## [ACTIVITY]
Leaving the images out, output each entry below exactly.

## [DATA]
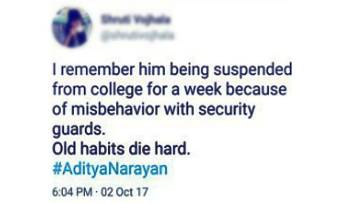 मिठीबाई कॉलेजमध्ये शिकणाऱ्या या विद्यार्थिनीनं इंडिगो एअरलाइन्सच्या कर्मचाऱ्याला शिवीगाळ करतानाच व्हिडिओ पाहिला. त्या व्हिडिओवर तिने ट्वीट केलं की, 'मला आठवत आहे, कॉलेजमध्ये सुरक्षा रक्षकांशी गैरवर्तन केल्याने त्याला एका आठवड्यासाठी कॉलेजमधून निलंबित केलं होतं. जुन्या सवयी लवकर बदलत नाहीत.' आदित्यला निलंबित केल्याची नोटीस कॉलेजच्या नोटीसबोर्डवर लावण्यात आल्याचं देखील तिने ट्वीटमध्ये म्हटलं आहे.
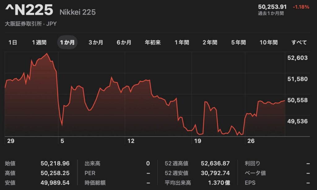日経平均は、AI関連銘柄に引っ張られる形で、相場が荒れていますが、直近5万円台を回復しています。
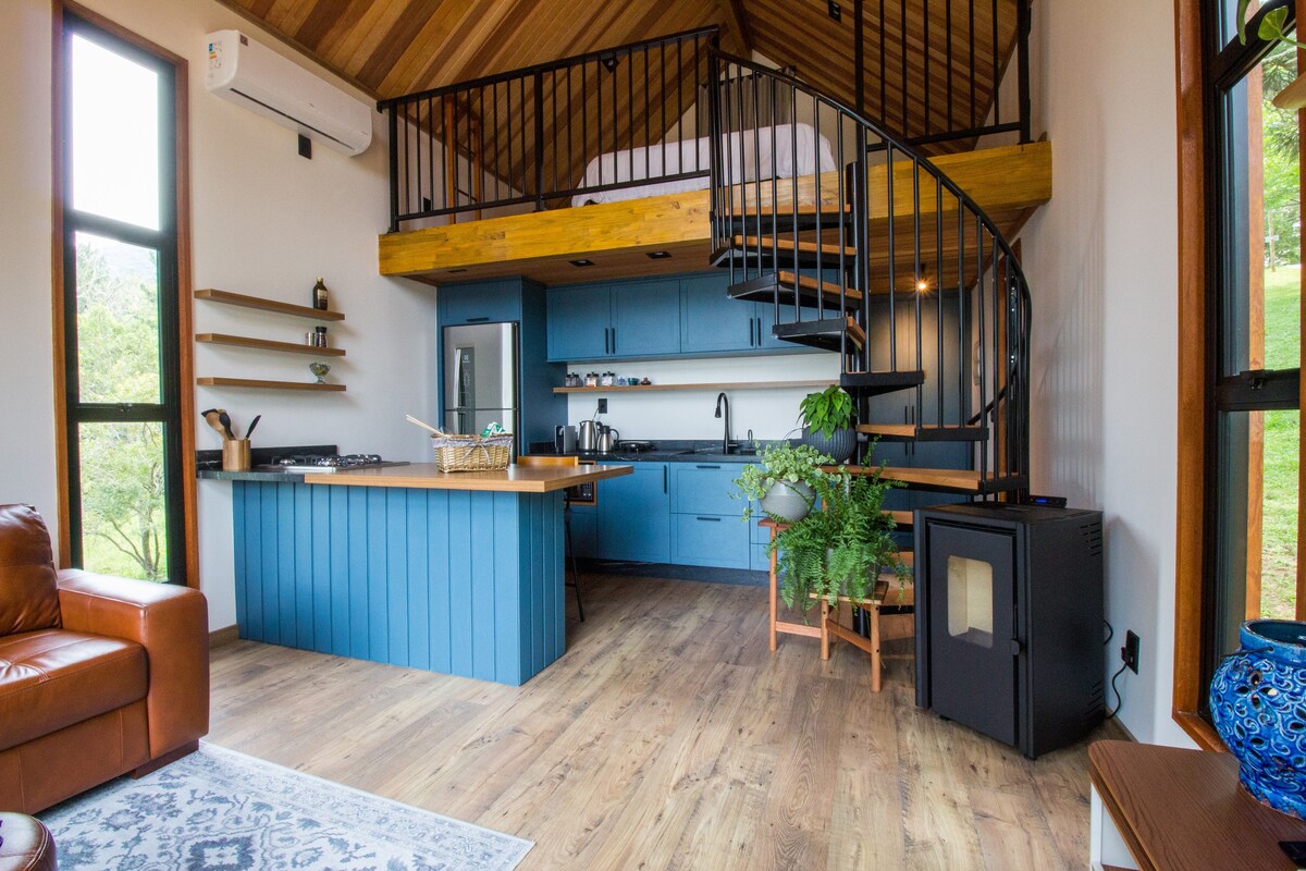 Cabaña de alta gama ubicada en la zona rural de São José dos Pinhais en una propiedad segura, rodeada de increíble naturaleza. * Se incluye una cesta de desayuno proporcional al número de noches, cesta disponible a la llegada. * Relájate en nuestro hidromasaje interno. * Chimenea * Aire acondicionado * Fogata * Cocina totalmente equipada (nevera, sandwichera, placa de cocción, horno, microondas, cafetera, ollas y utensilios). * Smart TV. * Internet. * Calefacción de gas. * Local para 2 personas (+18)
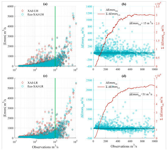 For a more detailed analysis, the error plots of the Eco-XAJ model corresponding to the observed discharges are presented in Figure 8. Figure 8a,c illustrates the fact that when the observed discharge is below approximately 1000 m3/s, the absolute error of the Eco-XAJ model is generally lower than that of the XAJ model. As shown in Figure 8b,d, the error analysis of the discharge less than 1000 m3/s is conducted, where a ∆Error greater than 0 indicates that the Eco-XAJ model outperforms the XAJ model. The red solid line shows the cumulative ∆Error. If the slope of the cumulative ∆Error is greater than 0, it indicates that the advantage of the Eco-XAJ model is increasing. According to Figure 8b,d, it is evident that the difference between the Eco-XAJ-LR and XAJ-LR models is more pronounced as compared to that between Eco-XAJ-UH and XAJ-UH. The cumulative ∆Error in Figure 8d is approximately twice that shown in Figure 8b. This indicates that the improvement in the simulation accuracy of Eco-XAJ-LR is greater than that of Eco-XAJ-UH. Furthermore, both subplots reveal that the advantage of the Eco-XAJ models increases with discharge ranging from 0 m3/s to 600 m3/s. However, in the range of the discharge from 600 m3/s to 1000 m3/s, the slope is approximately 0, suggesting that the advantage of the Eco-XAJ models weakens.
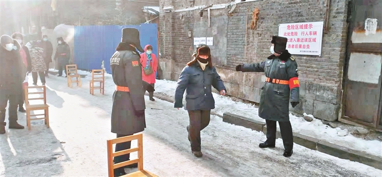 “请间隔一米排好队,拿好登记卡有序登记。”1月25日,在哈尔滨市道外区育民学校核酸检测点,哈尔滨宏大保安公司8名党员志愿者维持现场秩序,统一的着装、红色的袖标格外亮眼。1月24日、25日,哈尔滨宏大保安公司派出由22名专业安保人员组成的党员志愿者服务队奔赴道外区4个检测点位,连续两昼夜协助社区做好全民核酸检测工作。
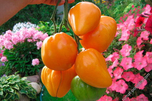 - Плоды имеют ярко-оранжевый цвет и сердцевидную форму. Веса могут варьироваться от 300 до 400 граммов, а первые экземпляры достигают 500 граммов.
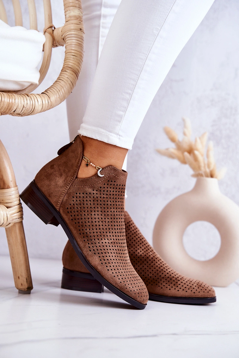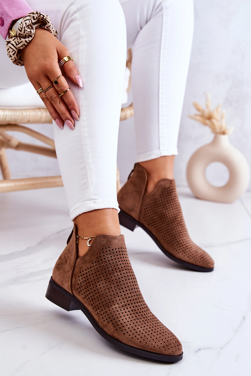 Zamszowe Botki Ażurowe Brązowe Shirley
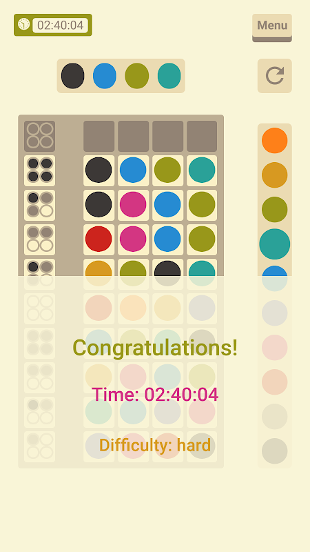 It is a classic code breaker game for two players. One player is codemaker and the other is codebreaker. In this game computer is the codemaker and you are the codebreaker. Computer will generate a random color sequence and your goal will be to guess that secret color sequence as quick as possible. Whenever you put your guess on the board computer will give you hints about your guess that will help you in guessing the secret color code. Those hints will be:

## [PROBLEM SOLUTION]
 मिठीबाई कॉलेजमध्ये शिकणाऱ्या या विद्यार्थिनीनं इंडिगो एअरलाइन्सच्या कर्मचाऱ्याला शिवीगाळ करतानाच व्हिडिओ पाहिला. त्या व्हिडिओवर तिने ट्वीट केलं की, 'मला आठवत आहे, कॉलेजमध्ये सुरक्षा रक्षकांशी गैरवर्तन केल्याने त्याला एका आठवड्यासाठी कॉलेजमधून निलंबित केलं होतं. जुन्या सवयी लवकर बदलत नाहीत.' आदित्यला निलंबित केल्याची नोटीस कॉलेजच्या नोटीसबोर्डवर लावण्यात आल्याचं देखील तिने ट्वीटमध्ये म्हटलं आहे.
日経平均は、AI関連銘柄に引っ張られる形で、相場が荒れていますが、直近5万円台を回復しています。
 Cabaña de alta gama ubicada en la zona rural de São José dos Pinhais en una propiedad segura, rodeada de increíble naturaleza. * Se incluye una cesta de desayuno proporcional al número de noches, cesta disponible a la llegada. * Relájate en nuestro hidromasaje interno. * Chimenea * Aire acondicionado * Fogata * Cocina totalmente equipada (nevera, sandwichera, placa de cocción, horno, microondas, cafetera, ollas y utensilios). * Smart TV. * Internet. * Calefacción de gas. * Local para 2 personas (+18)
 For a more detailed analysis, the error plots of the Eco-XAJ model corresponding to the observed discharges are presented in Figure 8. Figure 8a,c illustrates the fact that when the observed discharge is below approximately 1000 m3/s, the absolute error of the Eco-XAJ model is generally lower than that of the XAJ model. As shown in Figure 8b,d, the error analysis of the discharge less than 1000 m3/s is conducted, where a ∆Error greater than 0 indicates that the Eco-XAJ model outperforms the XAJ model. The red solid line shows the cumulative ∆Error. If the slope of the cumulative ∆Error is greater than 0, it indicates that the advantage of the Eco-XAJ model is increasing. According to Figure 8b,d, it is evident that the difference between the Eco-XAJ-LR and XAJ-LR models is more pronounced as compared to that between Eco-XAJ-UH and XAJ-UH. The cumulative ∆Error in Figure 8d is approximately twice that shown in Figure 8b. This indicates that the improvement in the simulation accuracy of Eco-XAJ-LR is greater than that of Eco-XAJ-UH. Furthermore, both subplots reveal that the advantage of the Eco-XAJ models increases with discharge ranging from 0 m3/s to 600 m3/s. However, in the range of the discharge from 600 m3/s to 1000 m3/s, the slope is approximately 0, suggesting that the advantage of the Eco-XAJ models weakens.
 “请间隔一米排好队,拿好登记卡有序登记。”1月25日,在哈尔滨市道外区育民学校核酸检测点,哈尔滨宏大保安公司8名党员志愿者维持现场秩序,统一的着装、红色的袖标格外亮眼。1月24日、25日,哈尔滨宏大保安公司派出由22名专业安保人员组成的党员志愿者服务队奔赴道外区4个检测点位,连续两昼夜协助社区做好全民核酸检测工作。
 - Плоды имеют ярко-оранжевый цвет и сердцевидную форму. Веса могут варьироваться от 300 до 400 граммов, а первые экземпляры достигают 500 граммов.
 Zamszowe Botki Ażurowe Brązowe Shirley
 It is a classic code breaker game for two players. One player is codemaker and the other is codebreaker. In this game computer is the codemaker and you are the codebreaker. Computer will generate a random color sequence and your goal will be to guess that secret color sequence as quick as possible. Whenever you put your guess on the board computer will give you hints about your guess that will help you in guessing the secret color code. Those hints will be:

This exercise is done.